In the early 1600s AD, traders began to bring cotton cloth to Europe on sailing ships from India. People thought this cotton cloth was very convenient – it was pretty, with patterns of flowers on it, and it was easier to wash than linen or wool, and cooler in the summer.
With the Industrial Revolution of the late 1700s, people in England invented machines powered by coal and steam that could spin and knit wool and cotton. Machine-made clothing from factories was much cheaper and better than home-made, and soon most people were wearing machine-made clothing.
People started to own more than one outfit, and they began to wear more and more layers: underwear, shirts, vests, jackets and coats for men; underwear, shifts, petticoats, dresses, aprons, and capes for women. To make so much cheap clothing, the English factories needed lots of cotton. At first they got their cotton from the American south. To produce enough cotton, Eli Whitney invented the cotton gin, so you could get the seeds out quickly. But to plant and harvest that much cotton, thousands of slaves had to do extremely hard work every day, and many died.
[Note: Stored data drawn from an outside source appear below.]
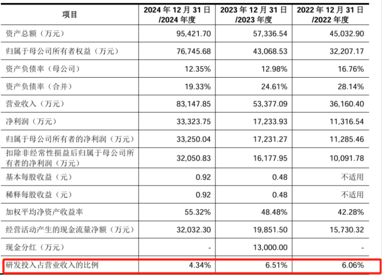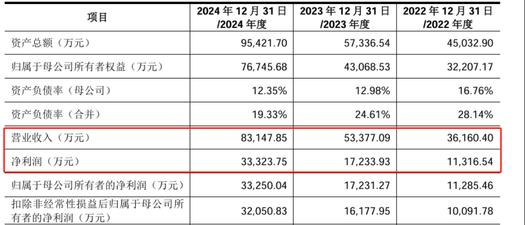2022年、2023年、2024年,公司实现营业收入分别为3.62亿元、5.34亿元、8.31亿元,同期扣非净利润分别为1.01亿元、1.62亿元、3.21亿元,营收净利双双增长。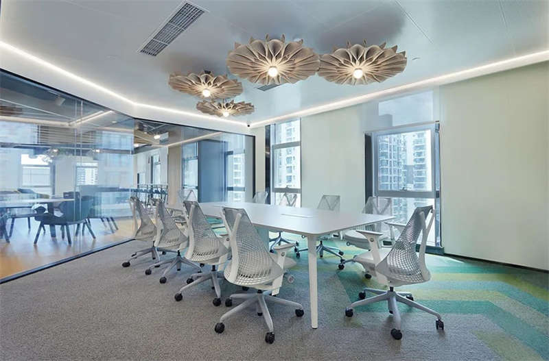 在空間規(guī)劃設(shè)計(jì)上,進(jìn)行了動(dòng)靜分區(qū),并打破了原有的動(dòng)線,路線上進(jìn)行了延伸、切角設(shè)計(jì)。在規(guī)劃各個(gè)功能空間中,充分考慮到建筑外光線與景觀的因素,將最好的光線位置留作員工咖啡交流及健身區(qū),將最好的視野區(qū)域作為總部接待大會(huì)議室。充分利用自然光,向員工傳遞正能量,其中亮點(diǎn)是每一個(gè)部門之間都設(shè)計(jì)了開(kāi)放或半通透的多功能交流區(qū)域。讓員工參與互動(dòng)活動(dòng)、討論或組織公司活動(dòng),這種輔助辦公空間充足的情況下,有助于緩解員工工作中的所有壓力,幫助他們度過(guò)閑暇時(shí)光。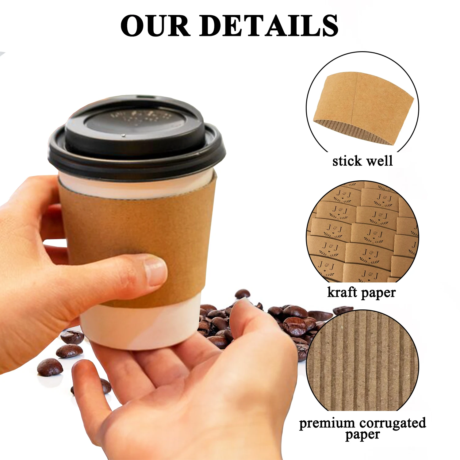 Custom Printed 20PCS 10-20oz Coffee Cup Sleeves, Kraft Disposable, Heat Insulation Drinks Cup Sleeve for Hot Beverages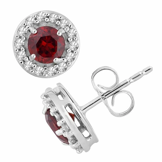 Decorated with round-cut garnets and a halo of scintillating diamonds, these 10k white gold earrings lend a touch of elegance to your ensembles.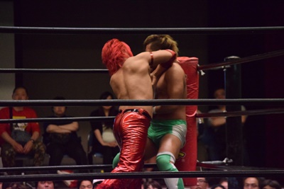 石井ロープに背中で押し込む、高尾がエプロンから延髄蹴り(左写真)。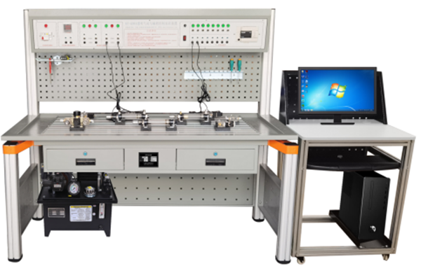 液壓綜合實(shí)驗臺由實(shí)驗桌、實(shí)驗操作區、網(wǎng)孔工具掛板、液壓泵站、常用液壓元件、主控機箱、電腦桌等幾部分組成。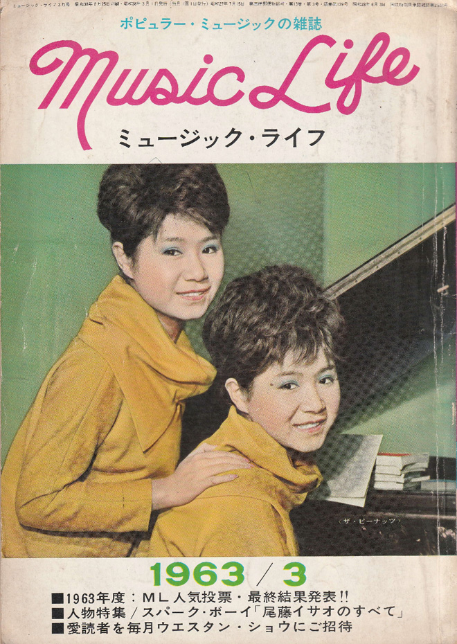 僕は1962〜3年頃から音楽雑誌「ミュージック・ライフ」を愛読していた。直ぐ取り出せる63年3月号は表紙がザ・ピーナッツ。先日のMUSIC LIFE CLUB出演の際もちょっと触れたけどその頃の同誌フロント・カバーは坂本九や弘田三枝子といった邦楽アーティスト。これまた手元にある63年11月号でジョニー・ソマーズが表紙に登場した。このML(僕らはこの頃から同誌をエムエルと称していた)両方を懐かしくパラパラしていると“スターの花かご”という4頁のコラムを担当していたのが湯川れい子さんだった。僕はこの頃かられい子さんファンを自称していた。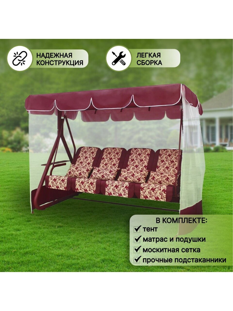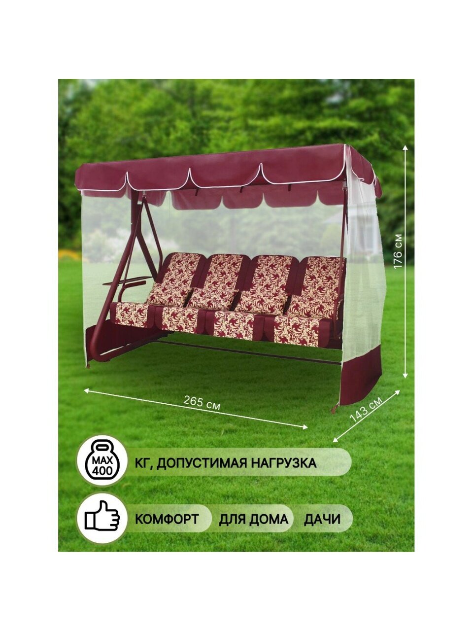 Вы можете приобрести «Качели садовые 4-местные, 265х143х176 см, 380 кг, Arno, Дефа Люси, раскладываются в кровать, с москитной сеткой, бордовые, 2017-КД-58, металл» и другие товары в нашем интернет-магазине в Брянске по низким ценам и с бесплатным самовывозом.
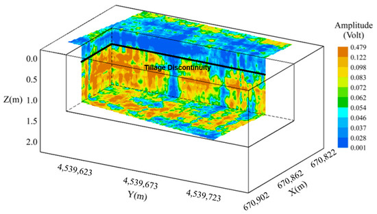 Benedetto et al. [149] applied multivariate kriging with external drift of EMI and GPR data to investigate clay variability at an experimental farm in Bari, Italy. The clay content varied from 30% to 85% in the upper layers and increased with depth. Block kriging interpolation of COS data acquired with central frequencies of 600 MHz and 1600 MHz showed lower reflection amplitudes in the tilled topsoil (<0.35 m) and higher amplitudes at the interface with the subsoil, suggesting that tillage had disrupted natural stratification, as observed in the previous studies (Figure 8). As for the main objective of the study, the authors concluded that due to soil complexity and small datasets and despite the multivariate approach, results were insufficient to fully characterize clay variability at the site but still highlight the need for a multisensory approach to improve soil structural assessments.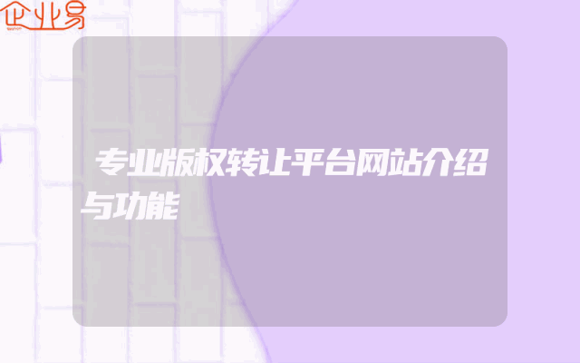 - 江苏省版权转让信息查询平台在线服务一、平台简介随着知识产权保护意识的加强,版权转让信息的透明化和公开化显得尤为重要。江苏省版权转让信息查询平台作为一个集查询、交易、服务于一体的在线服务平台,致力于提供高效、便捷的版权转让信息查询服务,有效促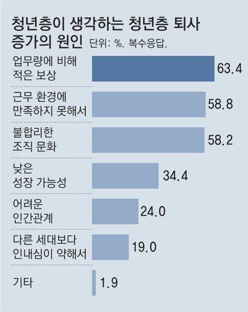 청년 퇴사 증가 원인에 대해 청년들은 ‘업무량 대비 낮은 보상’(63%)을 가장 큰 이유로 꼽았다. △근로 환경 불만족(59%) △불합리한 조직 문화(58%) △성장 기회 부족(34%) 등이 뒤를 이었다.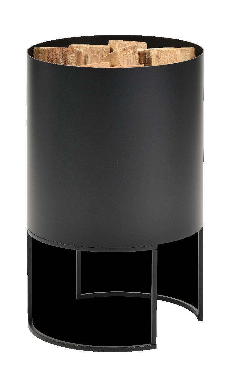 A totemic shape for the Seattle black steel log rack. Elevated on a curved steel base, it makes loading and unloading logs a breeze. Lightness of line, simplicity and balance have inspired this wood storage unit, with its suspended look (approx. 15 logs).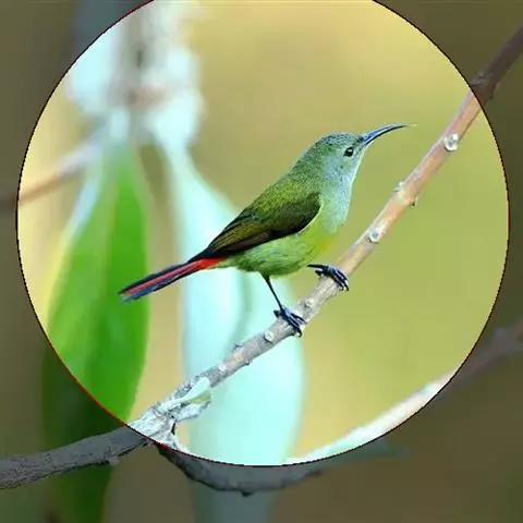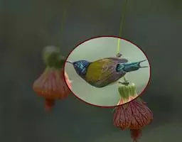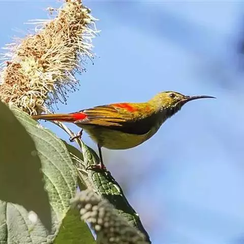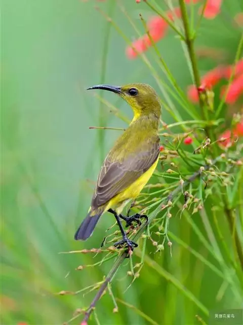 叉尾太阳鸟,雀形目太阳鸟科太阳鸟属留鸟;为小型鸟类,雄鸟头顶辉蓝绿色,上体橄榄绿色,腰明黄色,…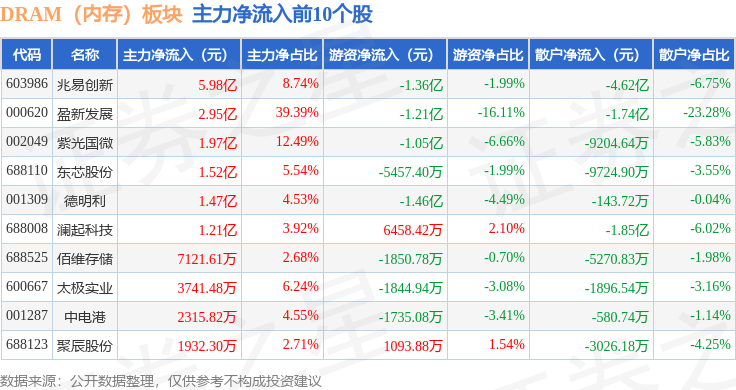从资金流向上来看,当日DRAM(内存)板块主力资金净流入11.75亿元,游资资金净流出3.5亿元,散户资金净流出8.25亿元。DRAM(内存)板块个股资金流向见下表: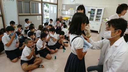 学習の後は、ていねいに歯みがきをして、保健室へ移動しフッ化物を塗布していただきました。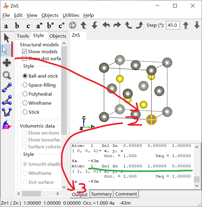 如图12,使用垂直工具栏上的“选择”工具,选择你想查看的原子,然后就能在Output里面获得原子坐标。(提示:在原子的右上角单击更容易选择上该原子)
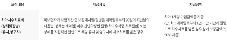 DB손해보험 참좋은 치아사랑보험 보장내용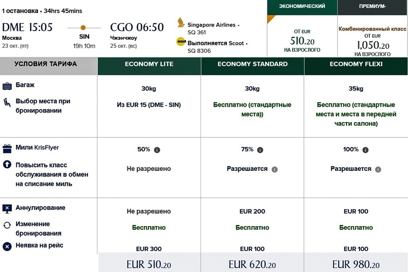 У Singapore Airlines и Scoot расписание рейсов не самое удобное: авиаоператоры совершают полеты только с конца октября по конец марта по вторникам и пятницам. Путешествие с этими перевозчиками получится продолжительным — с пересадкой в Сингапуре в 19 ч. авиаперелет занимает 34,5 ч. Плюс в том, что стыковка дневная, поэтому можно успеть, например, прогуляться в сингапурском парке «Сады у залива» или по набережной Клар-Ки, а также могу посоветовать взглянуть на город с колеса обозрения «Сингапур Флайер». Я рекомендую полет с этими авиакомпаниями потому, что они предлагают недорогие билеты: в одну сторону можно купить (с багажом до 30 кг) за 40500 ₽ (от 500 €), туда-обратно обойдутся от 69000 ₽ (865 €). Тарифа с ручной кладью у сингапурских авиаоператоров по данному направлению нет. Бизнес-класс (доступен только на отрезке пути Москва — Сингапур) — от 186500 ₽ (2370 €).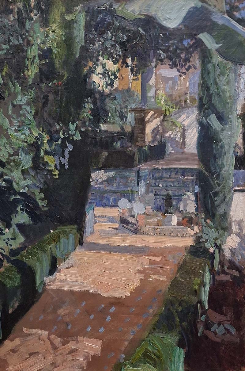 Sorolla's dedication to painting outdoors is evident in his masterful treatment of dappled light in this lush garden scene, one of several he painted on site in Seville. Along with the Hall of the Ambassadors, Alhambra, Granada (nearby), this painting is one of only a few from J. Paul Getty's personal collection that hang in the museum's galleries, most of the collection having been formed after his death. As Mr. Getty wrote: "I was struck by the remarkable quality of Sorolla's paintings, being especially fascinated by his unique treatment of sunlight."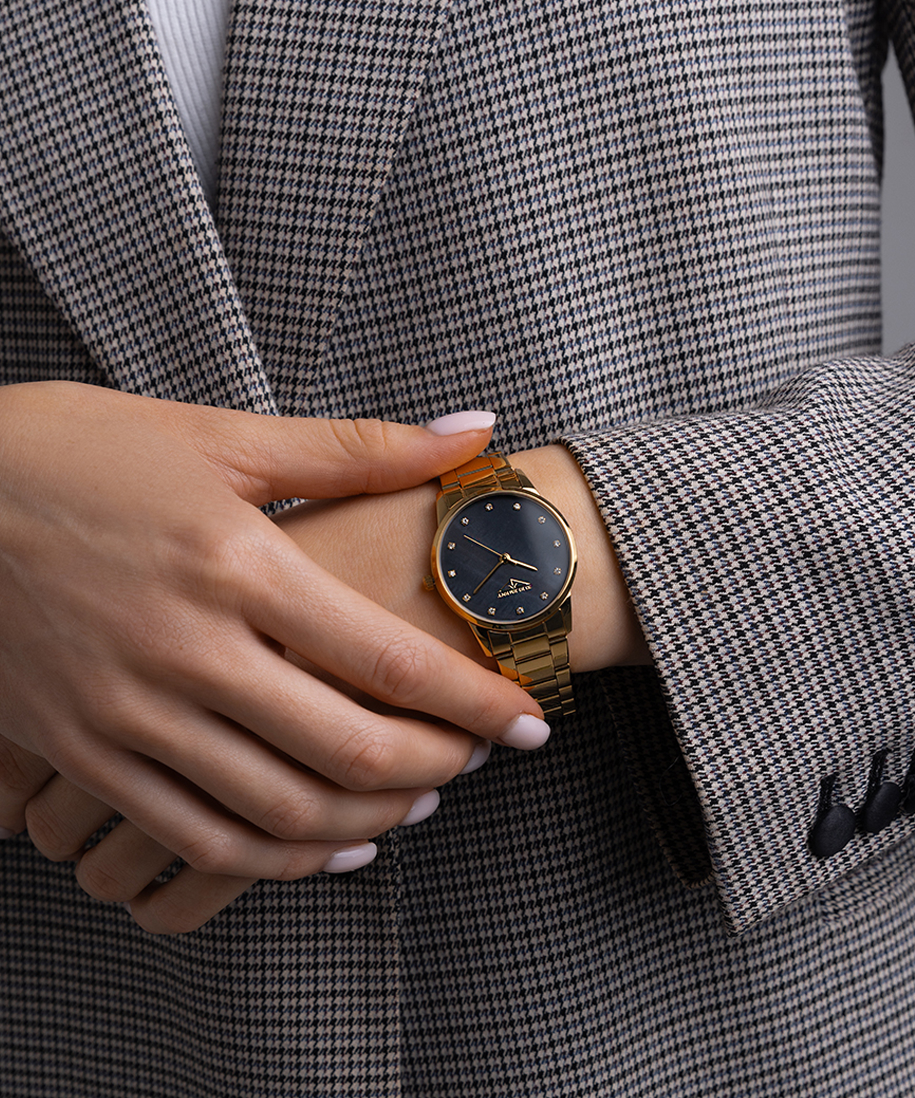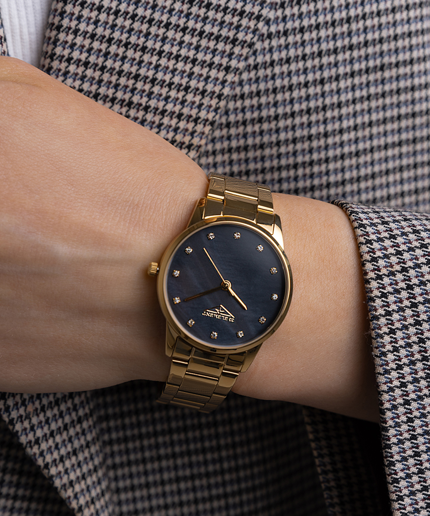 Утонченность добавляет темно-синий аналоговый циферблат, украшенный кристаллами вместо индексов, играющих роль меток времени. Циферблат защищен минеральным стеклом с сапфировым покрытием, которое отличается высокой стойкостью к царапинам. Водозащита 3 ATM защищает часы от брызг и влаги в повседневной жизни.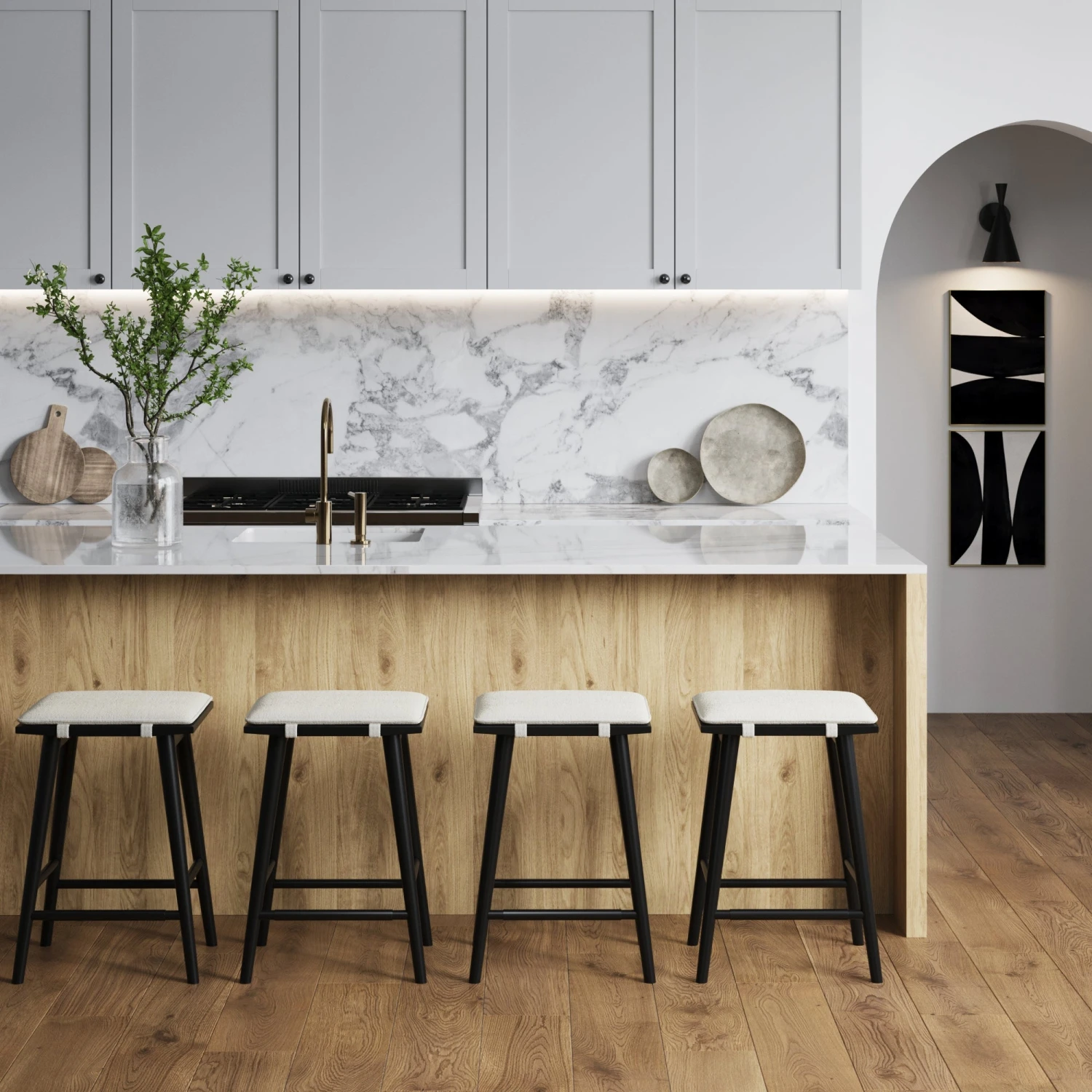 Keep your kitchen guest-ready with our mixed-material Barker bar stools. Sit comfortably for hours on its removable padded saddle seat that’s made of natural textured linen weave fabric and held up by black solid wood legs and perfectly-placed foot rests. Plus, it features a metal frame over the footrest to avoid any scratches. Assemble these in no time at all with our easy-to-follow instructions and included hardware. At 25″ tall, these refined mid-century modern stools are perfect for tucking under your kitchen counter when not in use. We have no doubt that this bar stool is going to be a dinner party favorite.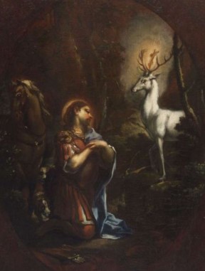 Svatý Eustach klečící před bílým jelenem, Petr Brandl, 1707 (petrbrandl.eu)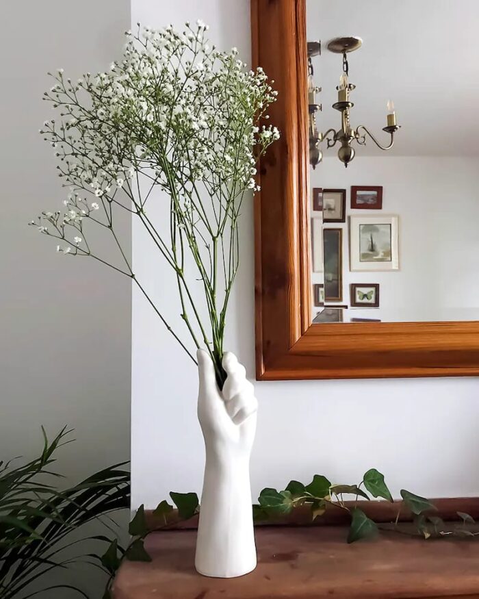 This is a unique design of flower vase that will make it look amazing even without flowers in it.It is available in 3 colors- white, blue, and grey.This statement vase can be the focal point for the interior design of the rest of your house.The design resembles a hand offering flowers to a beloved. It can be ideal for gifting purposes.The Artment is one of the leading home decor brands, that creates unique designs which are eye-catching and utilitarian in nature and a worthy investment for your home.Hand Me The Flowers is a gorgeous addition to your home decor. It can be displayed in the show cabinets or set on the foyer table. This flower vase’s unique design is going to add an x-factor to your decor.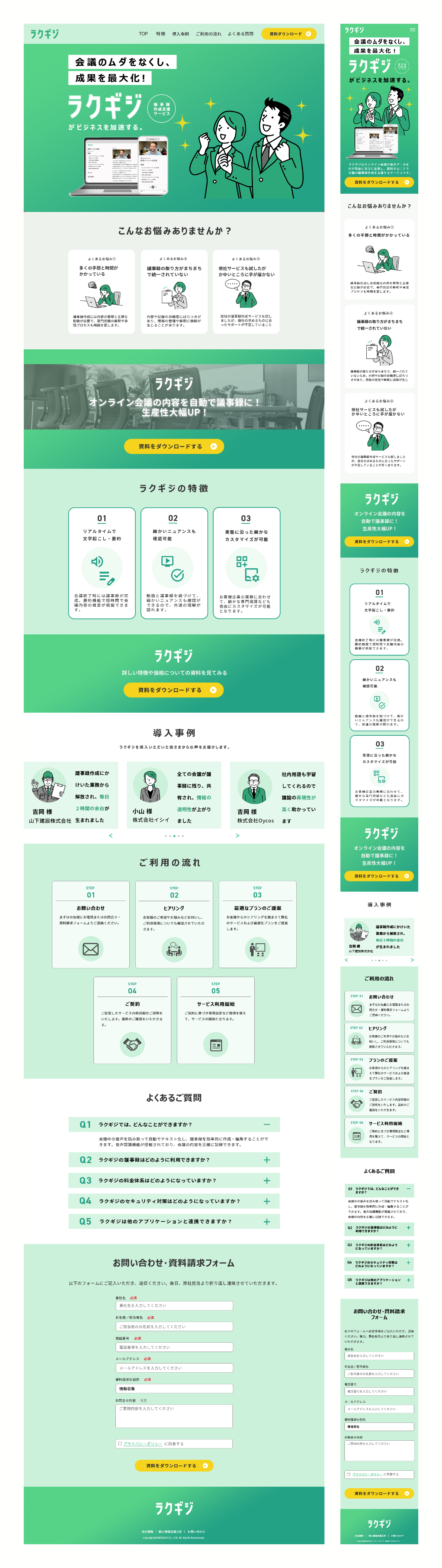 ラクギジを導入した結果、業務効率を実感して喜んでいる様子のイラストを配置しました。イラストの配色も背景色にあうように同系色の緑に統一しました。また、利用シーンをイメージしやすくするためにPCや携帯のスクリーンにサービスのイメージできるようにモックアップを作成しました。

When the Civil War made it hard for the British to get American cotton, in the 1860s, the British government used its military power in India to force businesses in India to stop making cloth and just sell them the raw cotton. The English took the cotton on ships to England, used their new factories to make the cotton into cloth, and then they shipped it back to India to sell there for clothes. Now India had to sell cotton cheap, and then buy cloth, instead of making their own cloth and selling it at a good price. India became much poorer, and England became much richer.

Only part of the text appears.